Reviews

The Dry House at Marylebone Theatre – review

Eugene O’Hare’s world premiere production runs until 6 May

Kathy Kiera Clarke and Mairead McKinley in The Dry House at Marylebone Theatre Manuel Harlan

 

In The Dry House, writer and director Eugene O’Hare provides a bracing piece of realism with a bit of a twist in his sympathetic depiction of alcoholism and its effects on the sufferer and their family.

Set in small-town Ireland, Chrissy, a lifelong heavy drinker, has been hitting the bottle hard since the death of her daughter, Heather, in a car crash four years previously. Her sister Claire prepares for Chrissy to enter rehab, packing up her new nighties and alcohol-free toiletries and pacifying her with four final cans of beer to calm her nerves (no vodka allowed on this important day). Not pleased with the idea of a ‘dry house’ run by nuns and other do-gooders (self-righteous ex-alcoholics are the worst), Chrissy is determined not to make things easy for her sister or herself.

There is excellent work from designer Niall McKeever, who sets the action in a meticulously bleak living room filled with piles of laundry, empty bottles and other debris. It’s a dreary environment that has long grown stale from a lack of air and light where Chrissy has trapped herself and where no human being can hope to thrive. Claire scolds her that drink won’t get her anywhere when in fact she wants to be desensitised and have no obligation to engage with the outside world.

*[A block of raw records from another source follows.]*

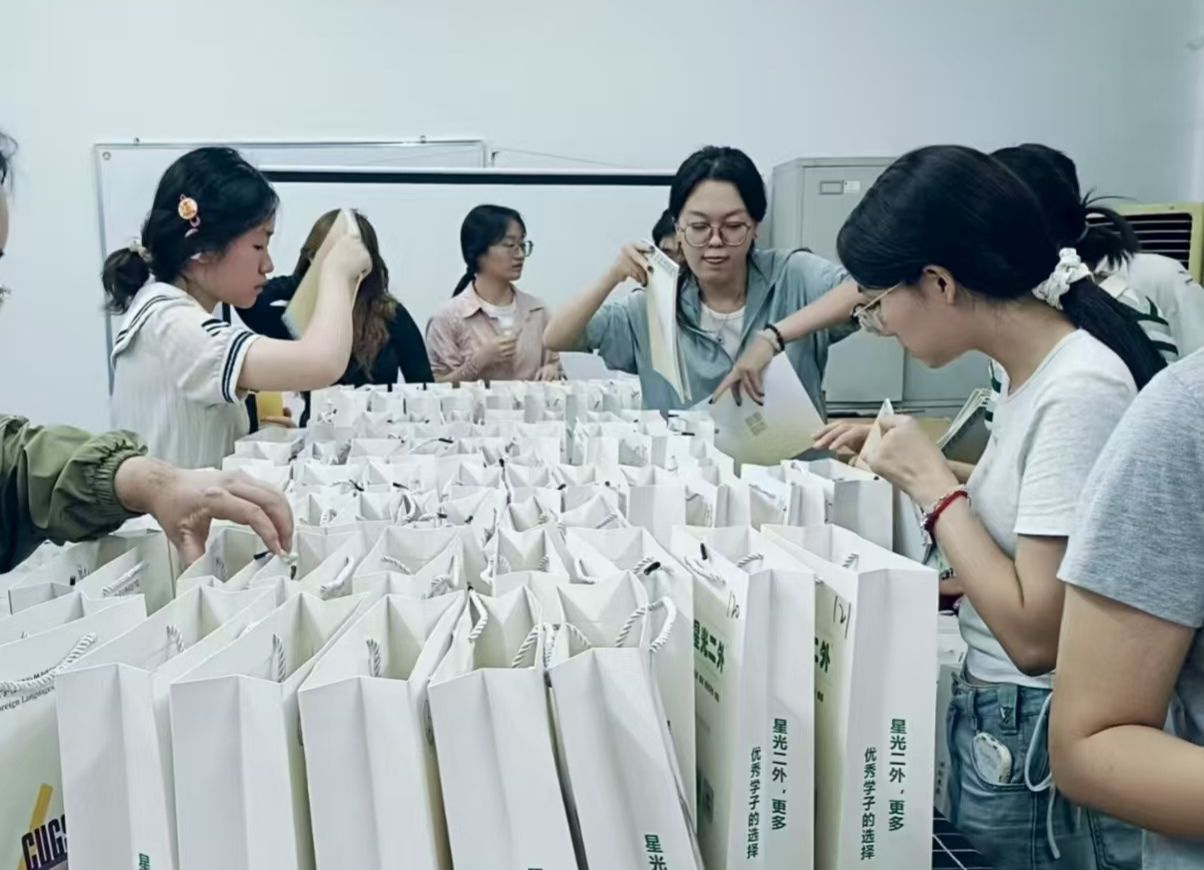 学院高度重视迎新工作,在暑期提前一个月谋划迎新工作,并组织团学骨干开展迎新策划、创意设计和物资准备。迎新志愿者们带着对新生学弟学妹们的关爱与期待精心准备迎新伴手礼,从满含心意的迎新笔记本,到独具学院特色的定制文创电动小风扇(包含taptap点点官方网站院徽以及学生会自主设计遴选的国风卡通角色——国风语UU,别出心裁!),还有早早在迎新点翘首以盼的志愿者们,无一不在彰显着我们早已做好准备,只为“精准接收”向我们“投送”的外国鱼儿们!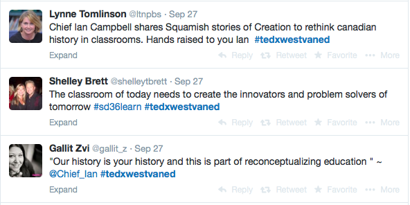 Beyond creating a day of inspiration through the stories of our speakers, we mindfully created an environment for conversation. Through our Partners we created “conversation spots”, coffee stops, a remodelled school cafeteria designed for an idea sharing lunch and opportunities for people to share personally and electronically. Through our #TEDxWestVanEd (and the misspelled #TEDexWestVanED) hashtags as well as our Padlets, our Participants were able to share ideas worth spreading with one another and those around the world.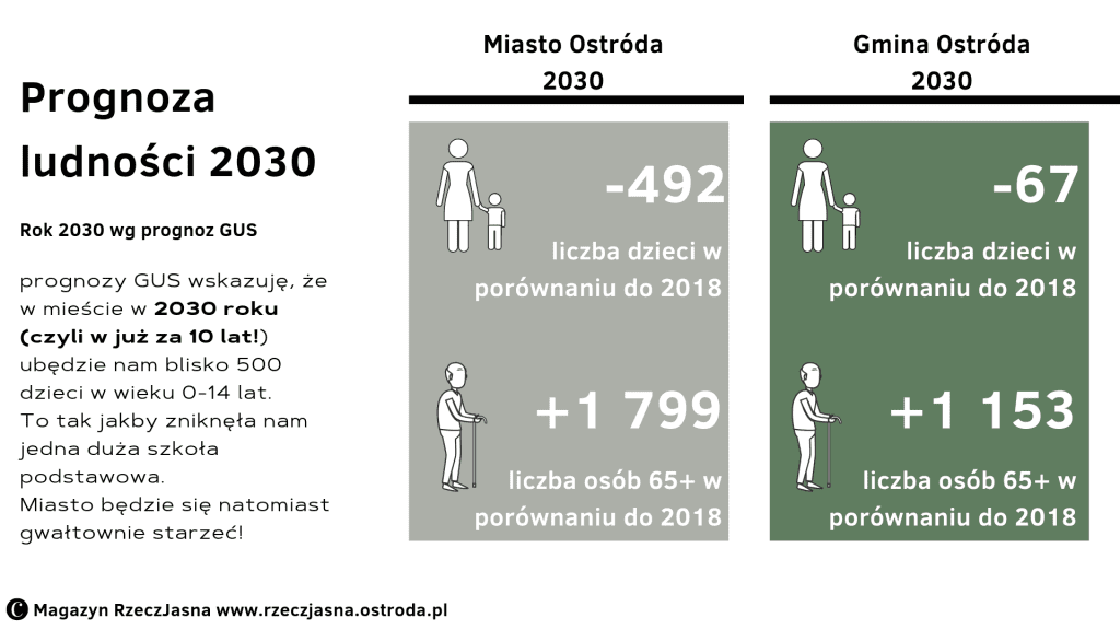 Potwierdzają tę tendencję prognozy ludności przygotowywane przez Główny Urząd Statystyczny. Do 2030 roku Ostródzie ubędzie ponad 2 000 mieszkańców. W tym czasie gmina wiejska Ostróda nieznacznie się powiększy!

As Chrissy, Mairead McKinley (in a much meatier role than she had to work with recently in Akedah at Hampstead Theatre, another Irish all-female three-hander) viscerally humanises the consequences of alcoholism on the mind and body, from her hallucinations, her limited mobility to her ravaged stomach lining. Kathy Kiera Clarke, unforgettable as Derry Girls’ brilliantly daffy Aunt Sarah, has the less showy ‘straight’ role as the sensible Claire, the sibling who always has a packet of tissues at hand, trying to persuade Chrissy to save herself while alternately confronting and denying her own problems with alcohol. Striving to convince herself that it’s different if it’s good-quality Sauvignon Blanc that’s imbibed secretly in the afternoon followed by a couple of glasses with her husband over dinner (no supermarket vodka here) while maintaining a spotlessly clean home, this is the polite face of drinking compared with Chrissy’s slovenly and socially unacceptable version.

As writer and director, O’Hare (who is also an actor) handles both roles skilfully (quite rare amongst creatives who attempt to take on both mantles). The commitment to kitchen-sink realism is somewhat subverted with Chrissy repeatedly reliving her final conversation with her deceased daughter Heather. Carla Langley delivers a powerful monologue about being exhausted by her mother, the mortification of being blackmailed and slut-shamed by a boy who claimed to love her and being let down by her male cousin, though the part when she breaks the fourth wall rather takes us out of the tightly wound world that has been created.

Claire comments that love for alcoholics is different – it isn’t proper love because it’s bound up in pity. It’s a thoughtful character-driven piece of work with full-bodied performances that shows the devastation of alcoholism without preaching and gratifyingly ends on a note of hope.